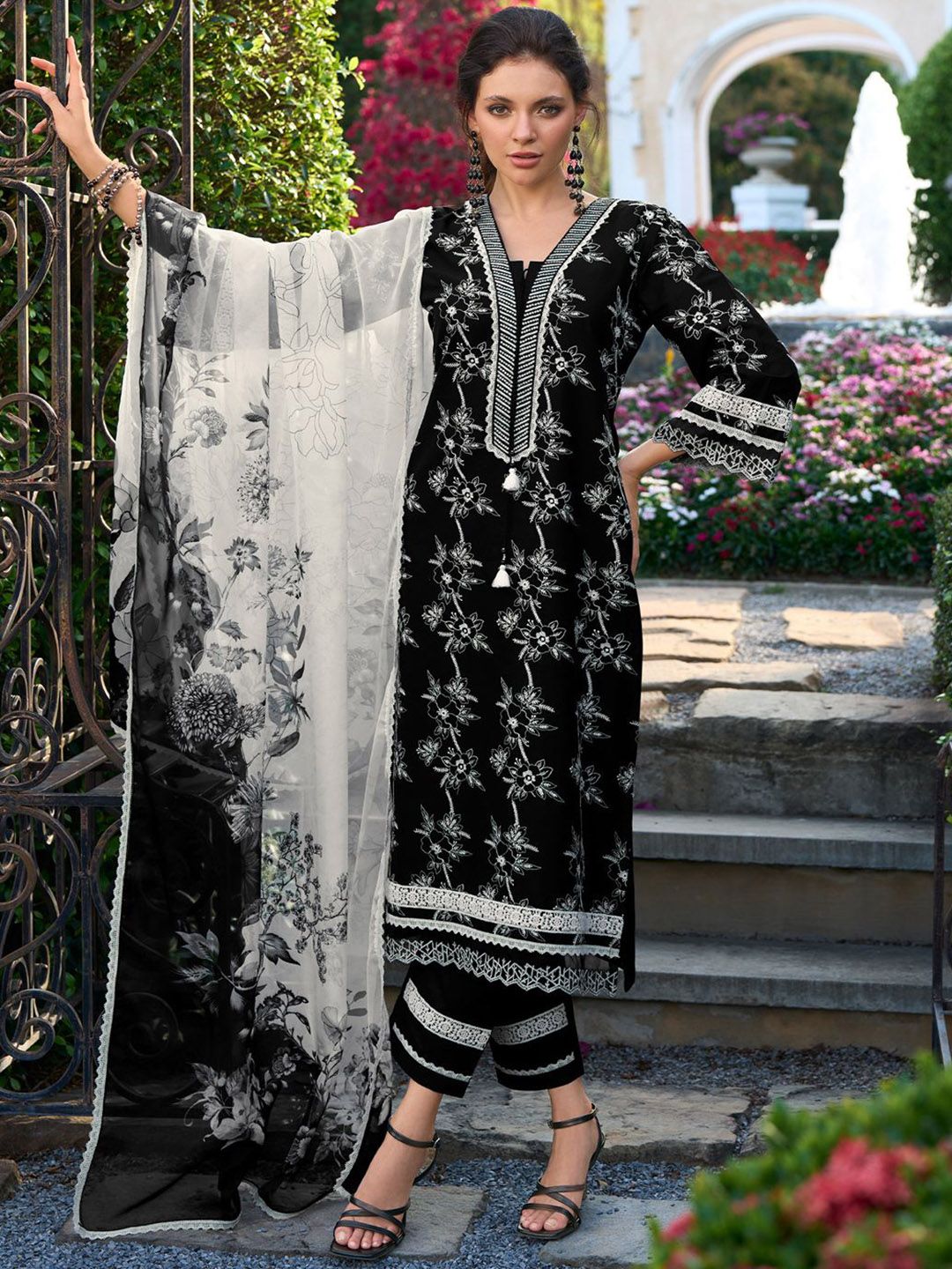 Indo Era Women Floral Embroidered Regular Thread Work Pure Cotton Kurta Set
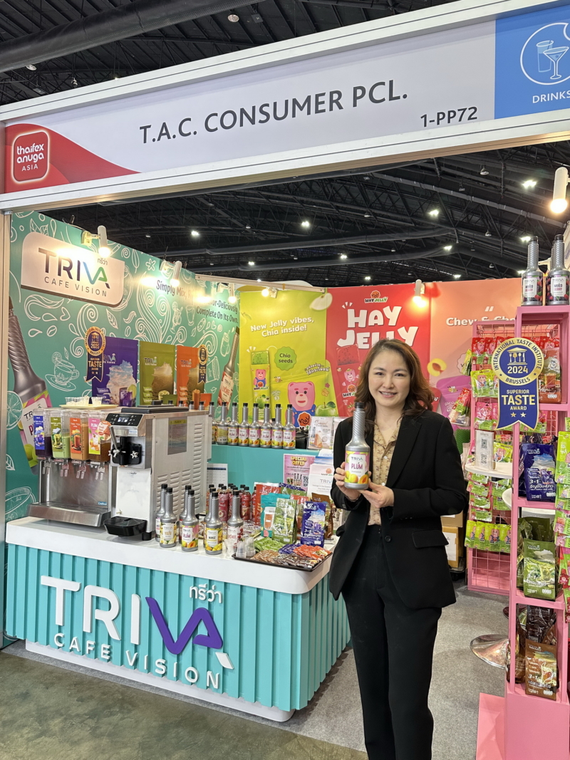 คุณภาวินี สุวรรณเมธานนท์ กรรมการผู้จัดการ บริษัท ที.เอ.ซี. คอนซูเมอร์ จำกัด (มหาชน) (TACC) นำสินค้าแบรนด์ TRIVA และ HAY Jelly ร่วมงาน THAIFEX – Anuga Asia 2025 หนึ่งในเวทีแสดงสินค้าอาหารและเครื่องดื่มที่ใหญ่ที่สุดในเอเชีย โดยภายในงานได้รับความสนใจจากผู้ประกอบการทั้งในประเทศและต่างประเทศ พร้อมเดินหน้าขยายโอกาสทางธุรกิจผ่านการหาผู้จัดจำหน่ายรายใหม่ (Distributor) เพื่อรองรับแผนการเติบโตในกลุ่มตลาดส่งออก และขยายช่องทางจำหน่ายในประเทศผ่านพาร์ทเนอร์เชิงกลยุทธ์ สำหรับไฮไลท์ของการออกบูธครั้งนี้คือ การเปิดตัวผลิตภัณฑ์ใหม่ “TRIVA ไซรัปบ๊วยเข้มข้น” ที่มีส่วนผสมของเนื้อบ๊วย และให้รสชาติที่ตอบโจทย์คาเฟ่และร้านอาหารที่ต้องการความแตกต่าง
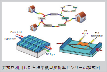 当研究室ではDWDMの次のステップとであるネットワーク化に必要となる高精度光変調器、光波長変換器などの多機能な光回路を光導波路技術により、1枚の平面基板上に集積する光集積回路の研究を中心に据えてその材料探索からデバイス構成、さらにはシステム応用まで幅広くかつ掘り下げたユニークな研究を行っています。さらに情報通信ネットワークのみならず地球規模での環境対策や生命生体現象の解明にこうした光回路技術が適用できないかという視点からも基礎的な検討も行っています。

WHAT IS REQUIRED
Where a picture appears in the listing above, skip it and set down all the rest exactly.

SOLUTION FOR THIS TASK
 Indo Era Women Floral Embroidered Regular Thread Work Pure Cotton Kurta Set
 คุณภาวินี สุวรรณเมธานนท์ กรรมการผู้จัดการ บริษัท ที.เอ.ซี. คอนซูเมอร์ จำกัด (มหาชน) (TACC) นำสินค้าแบรนด์ TRIVA และ HAY Jelly ร่วมงาน THAIFEX – Anuga Asia 2025 หนึ่งในเวทีแสดงสินค้าอาหารและเครื่องดื่มที่ใหญ่ที่สุดในเอเชีย โดยภายในงานได้รับความสนใจจากผู้ประกอบการทั้งในประเทศและต่างประเทศ พร้อมเดินหน้าขยายโอกาสทางธุรกิจผ่านการหาผู้จัดจำหน่ายรายใหม่ (Distributor) เพื่อรองรับแผนการเติบโตในกลุ่มตลาดส่งออก และขยายช่องทางจำหน่ายในประเทศผ่านพาร์ทเนอร์เชิงกลยุทธ์ สำหรับไฮไลท์ของการออกบูธครั้งนี้คือ การเปิดตัวผลิตภัณฑ์ใหม่ “TRIVA ไซรัปบ๊วยเข้มข้น” ที่มีส่วนผสมของเนื้อบ๊วย และให้รสชาติที่ตอบโจทย์คาเฟ่และร้านอาหารที่ต้องการความแตกต่าง
 当研究室ではDWDMの次のステップとであるネットワーク化に必要となる高精度光変調器、光波長変換器などの多機能な光回路を光導波路技術により、1枚の平面基板上に集積する光集積回路の研究を中心に据えてその材料探索からデバイス構成、さらにはシステム応用まで幅広くかつ掘り下げたユニークな研究を行っています。さらに情報通信ネットワークのみならず地球規模での環境対策や生命生体現象の解明にこうした光回路技術が適用できないかという視点からも基礎的な検討も行っています。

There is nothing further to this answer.